Doctor and hospitalized patient Photo courtesy of CDC
Photo courtesy of CDC
Doctor and patient

ORLANDO—Results of a retrospective study showed that survivors of lymphoma or breast cancer had a significantly greater risk of congestive heart failure (CHF) than patients who did not have cancer.

This increased risk was observed as early as a year after cancer diagnosis but was still present 20 years after diagnosis.

Overall, 1 in 10 cancer patients had CHF at the 20-year mark.

“The majority of patients do not develop heart failure, but our research helps us recognize the factors associated with it and the importance of appropriate heart care following cancer treatment,” said Carolyn Larsen, MD, of the Mayo Clinic in Rochester, Minnesota.

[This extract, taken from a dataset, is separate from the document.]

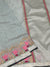 The Zari Kota Saree highlights delicate silver zari butta patterns. It presents a lovely contrast with pink lotus flowers arranged in elegant swan motifs along the border and includes a self brocade pallu in a captivating grey shade. The blouse complements the saree with matching contrasting buttas and border details.
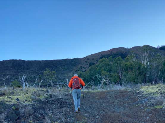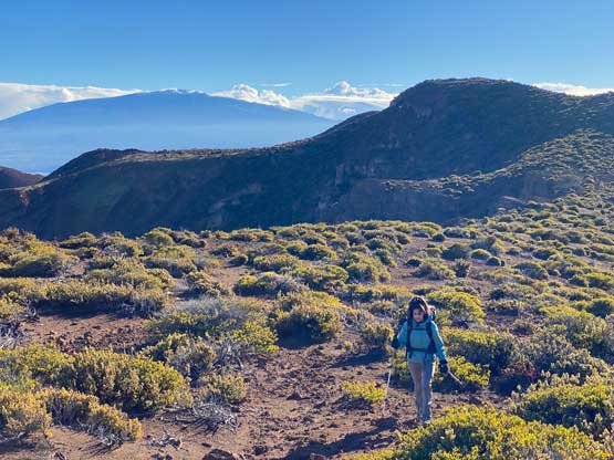 Nikita descending the barren north slopes of Hualalai

“Our research suggests that periodic cardiac imaging to monitor for heart damage may be needed for some cancer patients, even if they have no signs of heart damage initially after chemotherapy. Additionally, it emphasizes that working to live a heart-healthy lifestyle is important for cancer patients and survivors to reduce the overall risk of heart disease.”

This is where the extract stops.